This is what I use. It strips the fastest without melting resin and takes no scrubbing to remove acrylic paint.

 

The problem is you can't leave it in too long. Like a few minutes or an hour at the most. Soaking it for half a day or longer results in the resin getting a slightly bit softer to the touch (gummy and rubbery surface, but with a solid core), but it hardens up on its own eventually.

Where can I get this elixir from? I'm in UK.

 

Difficult to get in the UK from a regular shop now. You can order via the internet though.

 

High street alternatives - Dettol (which I use) contains IPA, relatively cheap and is available everywhere. Tamiya X-20A Thinners from your local model shop are essentially IPA, but is quite expensive per volume.

 

 

Where can I get this elixir from? I'm in UK.

Difficult to get in the UK from a regular shop now. You can order via the internet though.

 

High street alternatives - Dettol (which I use) contains IPA, relatively cheap and is available everywhere. Tamiya X-20A Thinners from your local model shop are essentially IPA, but is quite expensive per volume.

Tried to purchase from my local chemist and ended up having to answer questions relating to exactly what it was up to.

 

They then had the cheek to refuse to order it in as they'd have to store it in the fume cupboard.
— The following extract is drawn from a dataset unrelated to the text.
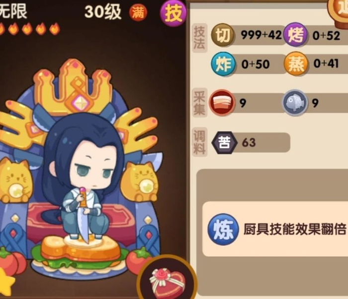 无限是罗小黑联动礼包的常驻角色,多次上架销售,基本不会加入卡池。他的修炼技能可使厨具效果翻倍,若将练满的无限装备巧克力礼盒,贵客率可达惊人的160%,并有小概率触发贵客赠礼三连。

Didn't mind the questioning if they were going to order it but then to refuse to was a bit of a joke.

 

You can order it online but it's a flammable liquid so doubt Royal Mail will be happy transporting it if you do get it from online.

 

Currently using dettol. If you can get to a Costco in the uk it's about £12 for 3 or 4 litres.

Having used Dettol myself, I would add a couple of caveats.

 

1) It gives of some chemically fumes, so ventilation is key and try not to breathe too much of it in. Even after you rinse and clean the resin it will still have a chemical odour to it.

2) It doesn't melt the resin, but it will soften it. On larger chunks of armour that's not too bad - but some more spindly weapons and components will go floppy. It's doesn't become rigid again either.

3) When used in large quantities it can be an irritant - so wear gloves.

4) It eats through paint really quickly, but turns it to sludge depending on what you've painted. Put a black undercoat on? You've now got a brownish black sludge to get off the model. Got a few thick coats of paint? You'll need a couple of treatments to get rid of it all.

5) Use a cheap toothbrush to get the paint off the model. Ironically the more expensive the toothbrush the less effective it is, as the cheaper brushes have less bristles and tend not to get clogged as easily.

Re Dettol and sludge. I've normally found you get sludge when you introduce water. After soaking in Dettol I'll scrub with a toothbrush, again with Dettol. Only after that I'll run the model under a tap to wash the Dettol off, and then scrub again with a mild detergent in warm water

 

@Graymane - How much did you pay for IPA at Maplin if you don't mind me asking ? When I've looked on their website it wasn't far off the price of Tamiya thinners.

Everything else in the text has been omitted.